Wednesday, 8 May 2013

turning a corner

This week on I <3 my preemie Facebook group, someone asked what people's experience was with PND. I quickly wrote a brief summary of the treatment route I had...

My GP sent me for counselling session at the surgery, counsellor assessed and talked to dr about anti depressants. Dr referred me to psychiatrist, put me on medication gradually increasing over the course of a month, saw me weekly herself and recommended a bit of fresh air, but hadn't left the house in five months so recognised exercise probably wasn't going to happen. A few weeks later, to avoid sectioning me, my GP signed my husband off work so that I wasn't alone for 2 months. I saw the psychiatrist who recommended a post natal therapy specialist, I booked an introductory session there (quite pricey but worth every penny), went there weekly for 6 months.

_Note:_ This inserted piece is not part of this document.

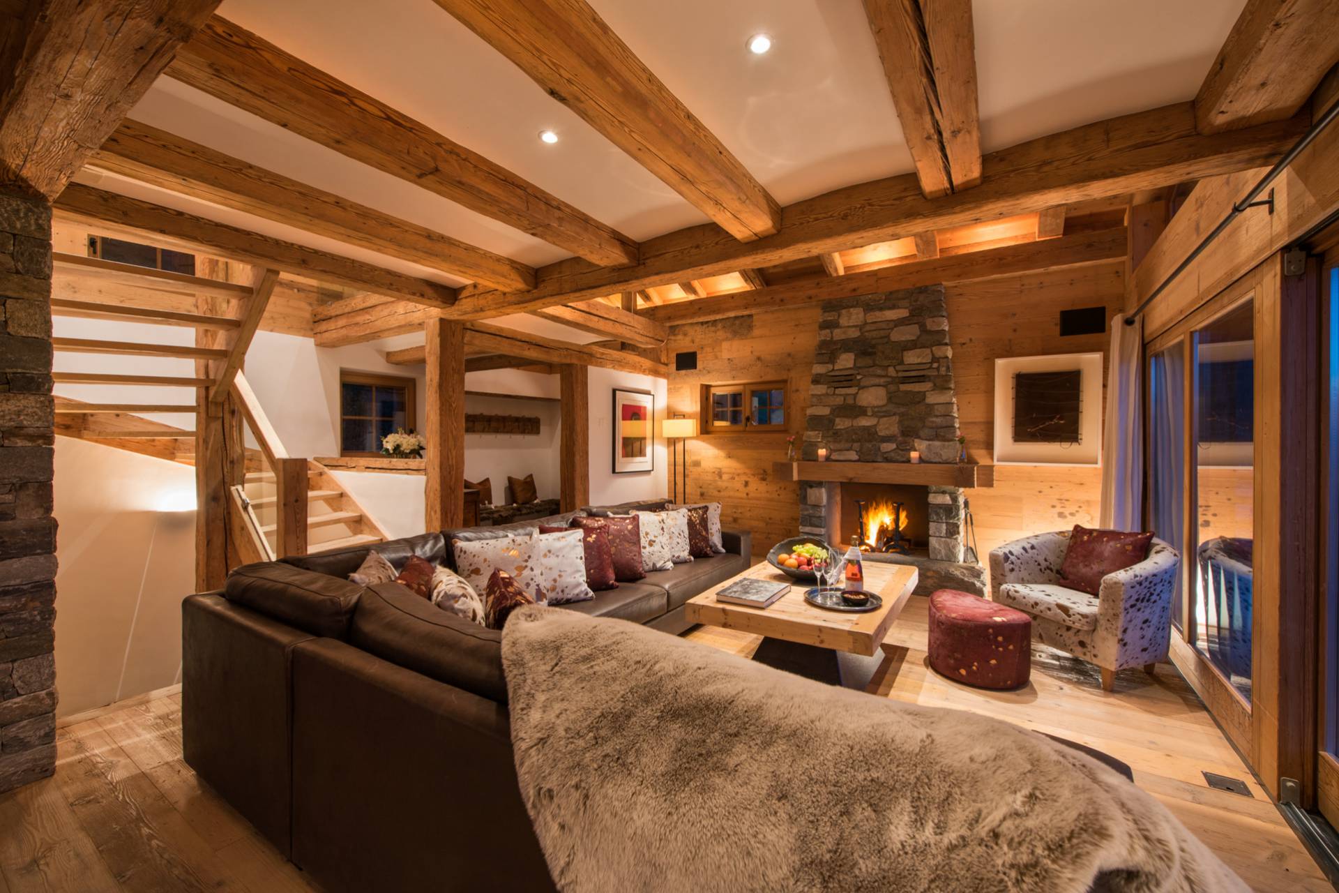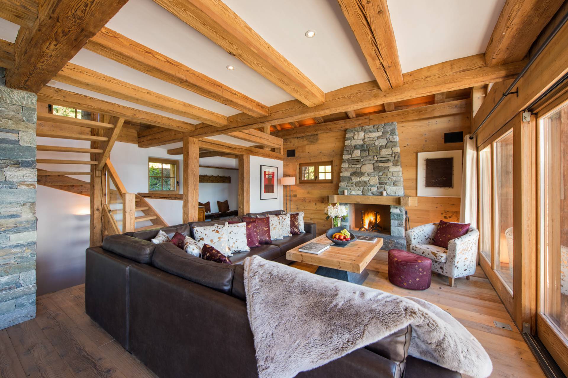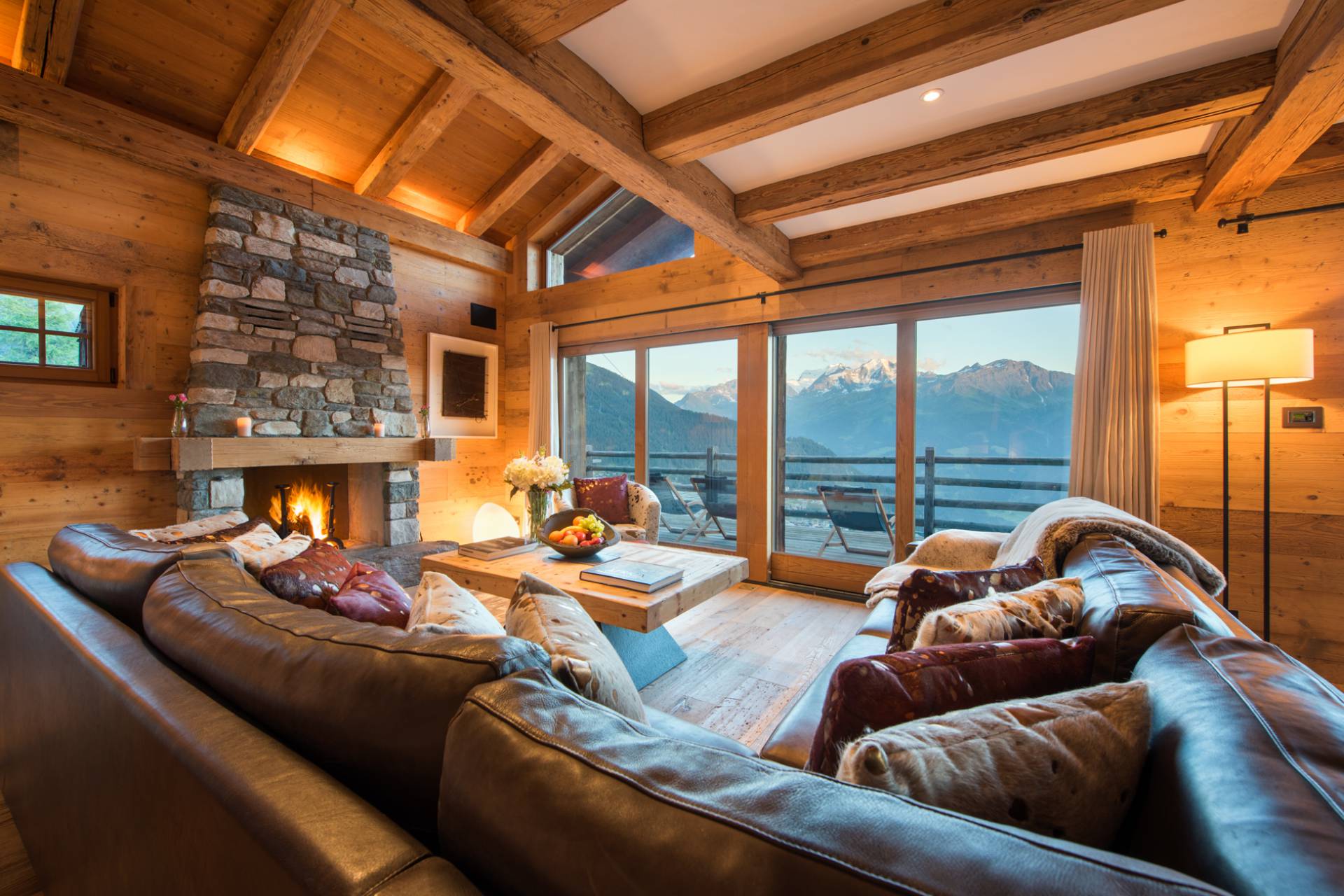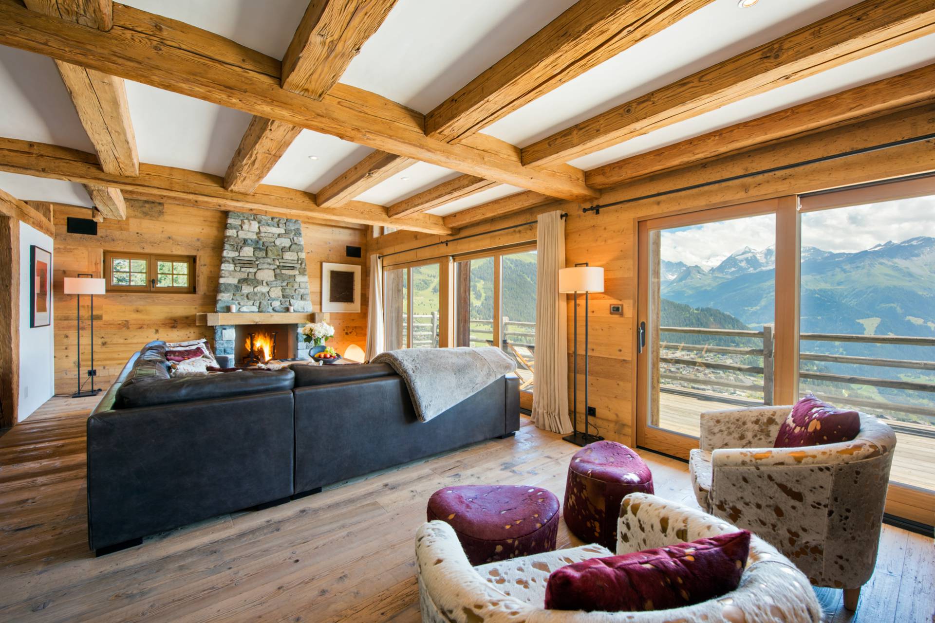 Au dernier étage se situent les espaces de vie commune et la suite parentale. Dans le vaste salon au coin de la cheminée de pierre, vous apprécierez la décoration qui associe matériaux bruts et objets de la culture paysanne aux lignes modernes des canapés et des grandes baies vitrées qui ouvrent sur la terrasse avec vue sur le paysage spectaculaire. L'ambiance intimiste et le caractère de cette somptueuse propriété émanent surtout de l'omniprésence du cuir et du remarquable travail de maroquinerie des canapés, fauteuils, sièges en peau retournée et bancs qui meublent l'ensemble du chalet. Côté salle à manger, la table rectangulaire peut réunir une dizaine de convives, tout près de la grande cuisine moderne parfaitement équipée et pourvue d’un superbe plan de travail en marbre où vous pourrez préparer vos repas. Quant à la suite parentale, directement sous la charpente, elle dispose d'un lit King size réchauffé par une épaisse couverture soyeuse, d'une spacieuse salle de bain éclairée à la lumière zénithale et d'un balcon privé.

Basically tried a whole combination of treatments and they all have helped in different ways...wouldn't have managed with only one type I don't think. Hope that's helpful, sorry it's a bit long, just wanted tot show you the process took quite a while xx

Actually it ended up not being that brief! But it just wasn't and I hadn't really looked back at the process before now and it surprised me. It was so awful back then. Sort of this time last year, May/June time was the worst. It was so dark and dismal and bleak. 

And it's taken a while to gradually emerge from that place of despair but in the last few weeks I can honestly say I think we may have finally turned a corner. Had a bit of a breakthrough. I haven't felt so blue, exhausted or negative. I've enjoyed things more and felt good. And that realisation makes me so happy and so grateful. 

Here's to more corners and more breakthroughs! 

Monday, 6 May 2013

the wonder of you

One of my favourite things to do is sit and watch Skittle play when he doesn't know I'm watching him. Last night I laid on our bed and watched him really carefully sorting through the nappy bag sat in the hallway while he thought I hadn't realised he was rummaging!

Out flung nappies, socks, random toys and sun cream until the treasure emerged...breadsticks! His little eyes. He couldn't believe he'd found them without me noticing. Alas I had noticed and no matter how fast he was, I had to win because it was really bed time and the four little toothy pegs had already been brushed. Meany mum.

We were on to bedtime number 2, bedtime number 1 hadn't been successful and an hour and half of playing later we tried again. I thought about being grumpy that I hadn't had much evening time, miffed I still don't seem to have a babe that sleeps through...but then I just watched him and played and clapped and cheered as we posted the little coloured letters in our wooden red post box hundreds of times. I watched him try things out and realise something new. I noticed those cute teeth and the way he screws up his nose like I do. I saw how he gently touches something with one finger to check its ok.

And I thought oh well about my evening. Do I really care about putting my feet up? Well maybe sometimes, but yesterday evening it was so nice to have an extra play time and study my Skittle for a while. One day I won't get to do that anymore and these years go so fast so I chose to enjoy it and make the most of it.

Tonight he's in bed at the right hour and my feet are up and the chocolate is open just FYI.